[[ DATA SUPPLIED, beginning ]]
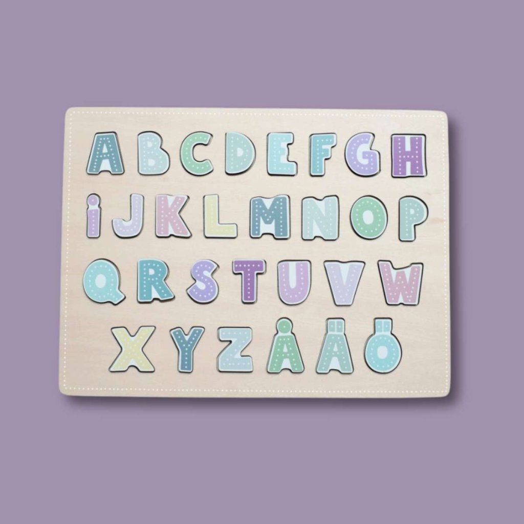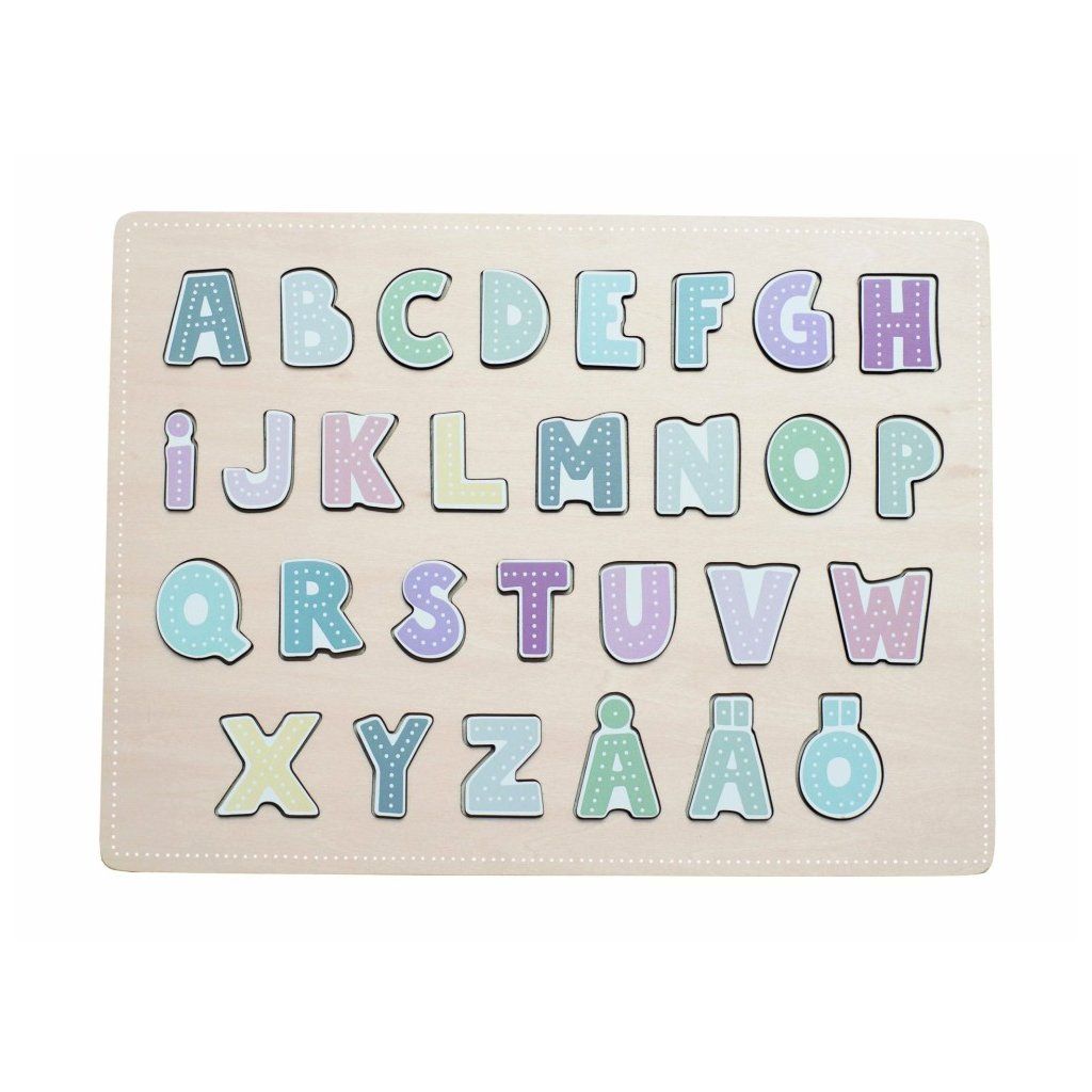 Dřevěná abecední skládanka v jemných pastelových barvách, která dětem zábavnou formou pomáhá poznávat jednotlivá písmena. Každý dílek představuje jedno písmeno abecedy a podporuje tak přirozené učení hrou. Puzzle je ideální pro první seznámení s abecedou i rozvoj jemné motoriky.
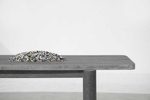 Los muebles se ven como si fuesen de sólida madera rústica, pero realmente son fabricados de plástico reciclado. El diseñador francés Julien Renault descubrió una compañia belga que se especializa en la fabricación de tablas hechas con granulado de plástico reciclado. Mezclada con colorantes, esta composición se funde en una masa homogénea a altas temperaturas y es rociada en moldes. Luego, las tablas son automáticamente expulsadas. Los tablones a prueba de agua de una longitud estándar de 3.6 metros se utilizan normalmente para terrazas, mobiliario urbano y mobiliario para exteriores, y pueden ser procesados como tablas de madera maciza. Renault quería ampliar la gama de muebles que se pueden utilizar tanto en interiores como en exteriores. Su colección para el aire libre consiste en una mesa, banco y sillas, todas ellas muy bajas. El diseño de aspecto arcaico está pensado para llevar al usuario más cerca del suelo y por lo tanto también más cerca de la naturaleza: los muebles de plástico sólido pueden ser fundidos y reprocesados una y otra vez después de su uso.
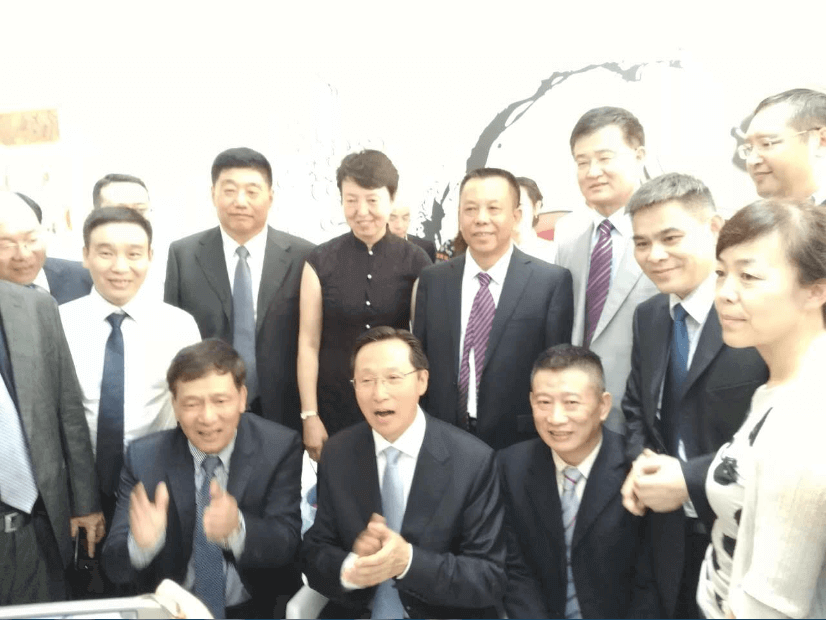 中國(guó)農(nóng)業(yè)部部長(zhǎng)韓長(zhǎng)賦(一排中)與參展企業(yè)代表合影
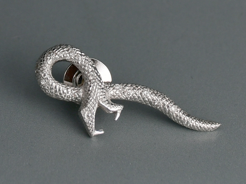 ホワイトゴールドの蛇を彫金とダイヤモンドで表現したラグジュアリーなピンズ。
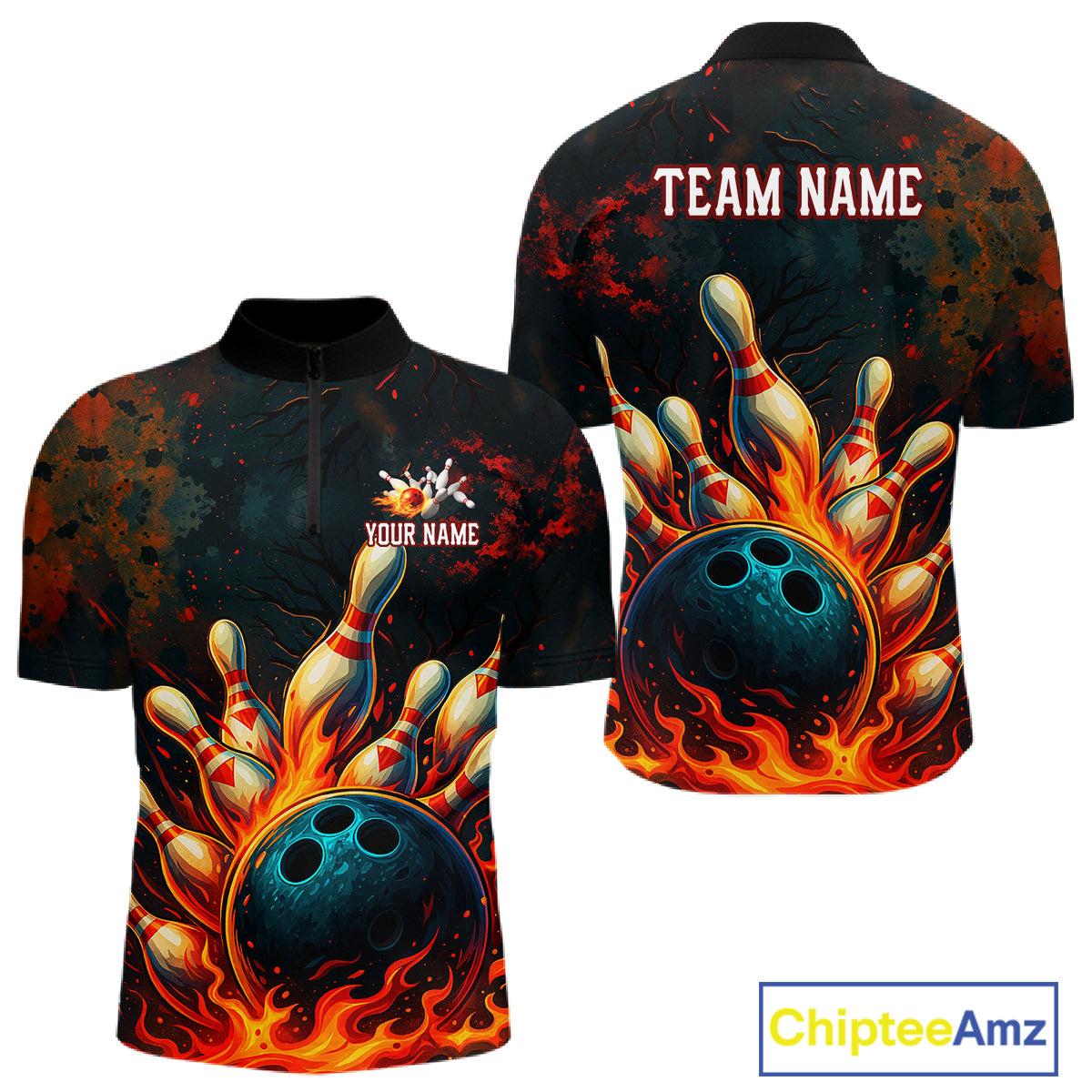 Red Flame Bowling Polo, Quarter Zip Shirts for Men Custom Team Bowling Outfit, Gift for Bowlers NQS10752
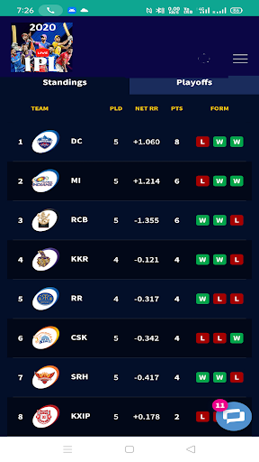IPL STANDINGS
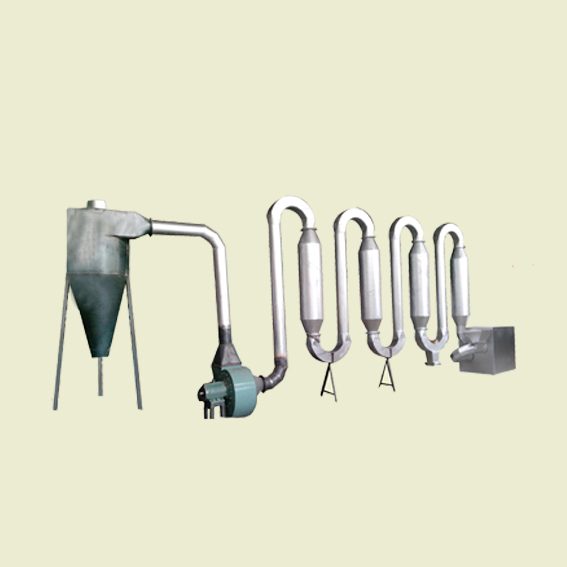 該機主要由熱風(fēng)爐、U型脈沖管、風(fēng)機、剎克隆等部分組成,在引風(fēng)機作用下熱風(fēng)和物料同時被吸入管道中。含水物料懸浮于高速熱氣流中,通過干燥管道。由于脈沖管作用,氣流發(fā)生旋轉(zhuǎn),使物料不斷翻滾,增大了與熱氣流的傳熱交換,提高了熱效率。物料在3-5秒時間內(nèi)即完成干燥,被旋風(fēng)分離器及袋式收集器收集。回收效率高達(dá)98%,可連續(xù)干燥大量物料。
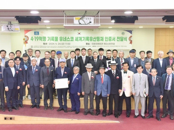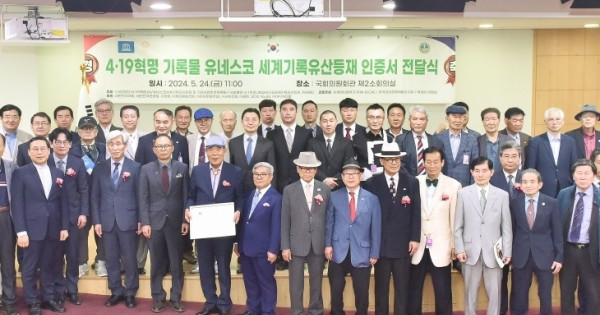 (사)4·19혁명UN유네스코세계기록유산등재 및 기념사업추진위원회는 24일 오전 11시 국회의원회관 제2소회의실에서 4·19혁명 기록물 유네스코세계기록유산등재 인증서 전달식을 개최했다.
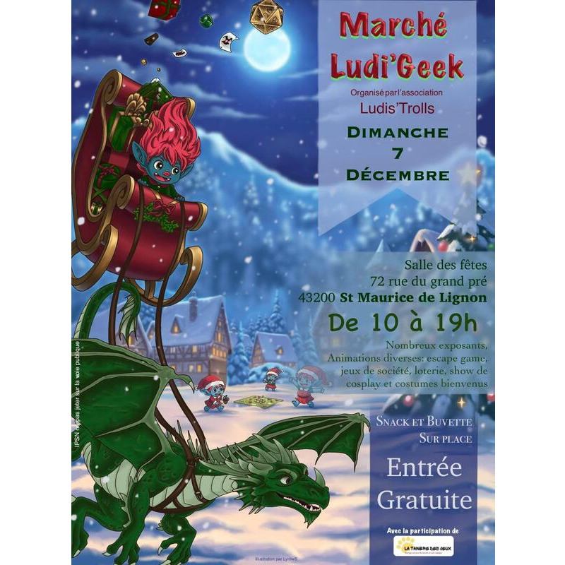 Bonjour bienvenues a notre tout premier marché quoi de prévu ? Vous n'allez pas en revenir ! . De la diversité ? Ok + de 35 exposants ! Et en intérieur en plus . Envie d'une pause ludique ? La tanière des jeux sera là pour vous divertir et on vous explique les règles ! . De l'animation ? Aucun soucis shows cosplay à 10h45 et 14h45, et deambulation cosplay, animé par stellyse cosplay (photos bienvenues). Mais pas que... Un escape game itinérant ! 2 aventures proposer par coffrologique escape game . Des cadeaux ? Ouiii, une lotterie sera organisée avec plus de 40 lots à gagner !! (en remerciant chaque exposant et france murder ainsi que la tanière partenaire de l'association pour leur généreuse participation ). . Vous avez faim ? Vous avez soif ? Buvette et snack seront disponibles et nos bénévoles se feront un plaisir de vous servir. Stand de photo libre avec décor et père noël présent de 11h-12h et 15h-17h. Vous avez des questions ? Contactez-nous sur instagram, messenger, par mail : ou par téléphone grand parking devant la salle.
[[ DATA SUPPLIED, end ]]
### PROBLEM
Output each entry exactly. Skip the pictures.

### SOLUTION FOR THIS PROBLEM
 Dřevěná abecední skládanka v jemných pastelových barvách, která dětem zábavnou formou pomáhá poznávat jednotlivá písmena. Každý dílek představuje jedno písmeno abecedy a podporuje tak přirozené učení hrou. Puzzle je ideální pro první seznámení s abecedou i rozvoj jemné motoriky.
 Los muebles se ven como si fuesen de sólida madera rústica, pero realmente son fabricados de plástico reciclado. El diseñador francés Julien Renault descubrió una compañia belga que se especializa en la fabricación de tablas hechas con granulado de plástico reciclado. Mezclada con colorantes, esta composición se funde en una masa homogénea a altas temperaturas y es rociada en moldes. Luego, las tablas son automáticamente expulsadas. Los tablones a prueba de agua de una longitud estándar de 3.6 metros se utilizan normalmente para terrazas, mobiliario urbano y mobiliario para exteriores, y pueden ser procesados como tablas de madera maciza. Renault quería ampliar la gama de muebles que se pueden utilizar tanto en interiores como en exteriores. Su colección para el aire libre consiste en una mesa, banco y sillas, todas ellas muy bajas. El diseño de aspecto arcaico está pensado para llevar al usuario más cerca del suelo y por lo tanto también más cerca de la naturaleza: los muebles de plástico sólido pueden ser fundidos y reprocesados una y otra vez después de su uso.
 中國(guó)農(nóng)業(yè)部部長(zhǎng)韓長(zhǎng)賦(一排中)與參展企業(yè)代表合影
 ホワイトゴールドの蛇を彫金とダイヤモンドで表現したラグジュアリーなピンズ。
 Red Flame Bowling Polo, Quarter Zip Shirts for Men Custom Team Bowling Outfit, Gift for Bowlers NQS10752
IPL STANDINGS
 該機主要由熱風(fēng)爐、U型脈沖管、風(fēng)機、剎克隆等部分組成,在引風(fēng)機作用下熱風(fēng)和物料同時被吸入管道中。含水物料懸浮于高速熱氣流中,通過干燥管道。由于脈沖管作用,氣流發(fā)生旋轉(zhuǎn),使物料不斷翻滾,增大了與熱氣流的傳熱交換,提高了熱效率。物料在3-5秒時間內(nèi)即完成干燥,被旋風(fēng)分離器及袋式收集器收集。回收效率高達(dá)98%,可連續(xù)干燥大量物料。
 (사)4·19혁명UN유네스코세계기록유산등재 및 기념사업추진위원회는 24일 오전 11시 국회의원회관 제2소회의실에서 4·19혁명 기록물 유네스코세계기록유산등재 인증서 전달식을 개최했다.
 Bonjour bienvenues a notre tout premier marché quoi de prévu ? Vous n'allez pas en revenir ! . De la diversité ? Ok + de 35 exposants ! Et en intérieur en plus . Envie d'une pause ludique ? La tanière des jeux sera là pour vous divertir et on vous explique les règles ! . De l'animation ? Aucun soucis shows cosplay à 10h45 et 14h45, et deambulation cosplay, animé par stellyse cosplay (photos bienvenues). Mais pas que... Un escape game itinérant ! 2 aventures proposer par coffrologique escape game . Des cadeaux ? Ouiii, une lotterie sera organisée avec plus de 40 lots à gagner !! (en remerciant chaque exposant et france murder ainsi que la tanière partenaire de l'association pour leur généreuse participation ). . Vous avez faim ? Vous avez soif ? Buvette et snack seront disponibles et nos bénévoles se feront un plaisir de vous servir. Stand de photo libre avec décor et père noël présent de 11h-12h et 15h-17h. Vous avez des questions ? Contactez-nous sur instagram, messenger, par mail : ou par téléphone grand parking devant la salle.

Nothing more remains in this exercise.